▸ HOW TO COMPLETE THIS TASK:
All lines ahead of the one containing "Hunting Permit, 1957, $2" are to be left out; that line and each one after it, through the end of the records below, are to be duplicated exactly.

DATA SUPPLIED START

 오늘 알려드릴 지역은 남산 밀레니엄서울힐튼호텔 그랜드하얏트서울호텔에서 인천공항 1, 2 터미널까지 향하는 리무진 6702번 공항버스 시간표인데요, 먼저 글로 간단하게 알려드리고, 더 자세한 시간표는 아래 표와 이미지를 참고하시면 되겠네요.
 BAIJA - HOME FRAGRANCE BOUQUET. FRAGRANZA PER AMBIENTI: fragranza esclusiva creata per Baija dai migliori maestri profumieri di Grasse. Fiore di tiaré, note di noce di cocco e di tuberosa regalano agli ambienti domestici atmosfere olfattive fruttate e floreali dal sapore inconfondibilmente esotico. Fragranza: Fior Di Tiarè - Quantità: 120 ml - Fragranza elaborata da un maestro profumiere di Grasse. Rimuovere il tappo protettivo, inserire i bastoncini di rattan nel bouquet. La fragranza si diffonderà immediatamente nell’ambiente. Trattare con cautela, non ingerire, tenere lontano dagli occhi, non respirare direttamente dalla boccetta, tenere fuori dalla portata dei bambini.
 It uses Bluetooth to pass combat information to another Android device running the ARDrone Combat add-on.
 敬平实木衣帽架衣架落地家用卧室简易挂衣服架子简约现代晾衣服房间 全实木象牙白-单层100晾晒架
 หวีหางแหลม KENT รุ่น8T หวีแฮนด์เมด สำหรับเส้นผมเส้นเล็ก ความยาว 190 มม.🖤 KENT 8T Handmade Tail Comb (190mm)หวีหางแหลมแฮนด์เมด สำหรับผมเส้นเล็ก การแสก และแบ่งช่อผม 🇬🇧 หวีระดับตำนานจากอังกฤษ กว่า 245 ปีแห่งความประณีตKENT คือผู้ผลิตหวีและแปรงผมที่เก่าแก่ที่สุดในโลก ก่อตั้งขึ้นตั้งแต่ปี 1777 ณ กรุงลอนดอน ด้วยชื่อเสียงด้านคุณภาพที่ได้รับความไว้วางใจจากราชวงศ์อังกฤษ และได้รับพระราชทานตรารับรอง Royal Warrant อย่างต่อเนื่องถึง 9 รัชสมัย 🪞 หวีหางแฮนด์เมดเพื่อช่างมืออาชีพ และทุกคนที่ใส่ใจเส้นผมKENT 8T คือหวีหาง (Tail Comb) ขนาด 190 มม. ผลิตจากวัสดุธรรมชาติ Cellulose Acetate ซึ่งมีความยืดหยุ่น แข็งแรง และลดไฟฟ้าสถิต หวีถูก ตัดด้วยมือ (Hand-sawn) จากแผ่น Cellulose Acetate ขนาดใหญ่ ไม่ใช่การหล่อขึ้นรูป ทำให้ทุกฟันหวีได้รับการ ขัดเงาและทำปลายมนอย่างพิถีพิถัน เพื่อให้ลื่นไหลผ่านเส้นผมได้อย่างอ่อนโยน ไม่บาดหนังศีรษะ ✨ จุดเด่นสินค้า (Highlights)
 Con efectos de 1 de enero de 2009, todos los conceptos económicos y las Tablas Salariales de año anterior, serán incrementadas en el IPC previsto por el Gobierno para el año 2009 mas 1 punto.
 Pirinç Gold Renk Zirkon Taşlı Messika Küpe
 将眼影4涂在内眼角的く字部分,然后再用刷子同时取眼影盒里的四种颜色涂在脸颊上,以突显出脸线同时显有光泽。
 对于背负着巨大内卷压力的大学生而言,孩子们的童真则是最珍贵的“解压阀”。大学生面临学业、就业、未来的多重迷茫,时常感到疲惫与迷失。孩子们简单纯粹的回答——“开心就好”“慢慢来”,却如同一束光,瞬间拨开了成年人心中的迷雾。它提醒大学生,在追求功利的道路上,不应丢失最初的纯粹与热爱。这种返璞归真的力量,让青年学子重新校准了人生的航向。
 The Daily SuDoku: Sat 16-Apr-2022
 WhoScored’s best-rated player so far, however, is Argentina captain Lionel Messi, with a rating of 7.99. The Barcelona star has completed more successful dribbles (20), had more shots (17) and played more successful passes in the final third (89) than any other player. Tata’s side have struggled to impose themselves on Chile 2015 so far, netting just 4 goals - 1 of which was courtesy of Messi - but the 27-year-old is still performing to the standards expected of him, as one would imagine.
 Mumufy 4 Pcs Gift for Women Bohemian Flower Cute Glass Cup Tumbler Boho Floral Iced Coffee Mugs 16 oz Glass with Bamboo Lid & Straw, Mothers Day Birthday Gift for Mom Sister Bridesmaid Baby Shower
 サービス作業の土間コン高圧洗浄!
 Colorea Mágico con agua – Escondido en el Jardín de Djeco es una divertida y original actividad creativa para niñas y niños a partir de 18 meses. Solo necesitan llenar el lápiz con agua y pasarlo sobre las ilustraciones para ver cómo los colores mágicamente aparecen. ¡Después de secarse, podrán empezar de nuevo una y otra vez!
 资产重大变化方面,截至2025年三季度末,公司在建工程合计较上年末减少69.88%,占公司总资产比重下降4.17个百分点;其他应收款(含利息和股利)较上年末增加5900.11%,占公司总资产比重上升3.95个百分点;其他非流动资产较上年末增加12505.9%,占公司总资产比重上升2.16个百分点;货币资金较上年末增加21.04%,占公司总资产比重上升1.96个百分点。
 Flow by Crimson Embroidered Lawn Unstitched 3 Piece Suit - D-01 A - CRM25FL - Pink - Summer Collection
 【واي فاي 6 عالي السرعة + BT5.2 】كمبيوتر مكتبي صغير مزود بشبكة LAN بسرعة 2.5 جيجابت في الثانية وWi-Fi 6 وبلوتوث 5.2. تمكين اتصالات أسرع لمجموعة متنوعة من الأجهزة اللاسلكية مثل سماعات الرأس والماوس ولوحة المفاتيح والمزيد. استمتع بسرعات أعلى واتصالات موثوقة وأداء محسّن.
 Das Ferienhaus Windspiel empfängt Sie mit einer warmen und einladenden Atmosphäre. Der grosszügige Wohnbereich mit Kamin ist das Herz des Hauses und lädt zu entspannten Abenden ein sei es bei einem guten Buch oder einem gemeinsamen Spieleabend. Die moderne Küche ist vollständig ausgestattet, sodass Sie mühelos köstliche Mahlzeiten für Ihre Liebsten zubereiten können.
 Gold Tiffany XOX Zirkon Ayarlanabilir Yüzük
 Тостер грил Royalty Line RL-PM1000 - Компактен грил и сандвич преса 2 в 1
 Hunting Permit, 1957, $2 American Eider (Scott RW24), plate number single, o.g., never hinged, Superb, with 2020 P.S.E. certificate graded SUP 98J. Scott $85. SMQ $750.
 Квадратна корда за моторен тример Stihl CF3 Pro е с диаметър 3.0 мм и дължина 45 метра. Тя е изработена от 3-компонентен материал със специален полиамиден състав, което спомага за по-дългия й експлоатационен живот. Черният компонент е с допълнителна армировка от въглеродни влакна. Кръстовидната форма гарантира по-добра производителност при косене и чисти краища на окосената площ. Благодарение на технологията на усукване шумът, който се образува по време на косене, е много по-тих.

DATA SUPPLIED END

▸ REPLY TO THE EXERCISE:
 Hunting Permit, 1957, $2 American Eider (Scott RW24), plate number single, o.g., never hinged, Superb, with 2020 P.S.E. certificate graded SUP 98J. Scott $85. SMQ $750.
 Квадратна корда за моторен тример Stihl CF3 Pro е с диаметър 3.0 мм и дължина 45 метра. Тя е изработена от 3-компонентен материал със специален полиамиден състав, което спомага за по-дългия й експлоатационен живот. Черният компонент е с допълнителна армировка от въглеродни влакна. Кръстовидната форма гарантира по-добра производителност при косене и чисти краища на окосената площ. Благодарение на технологията на усукване шумът, който се образува по време на косене, е много по-тих.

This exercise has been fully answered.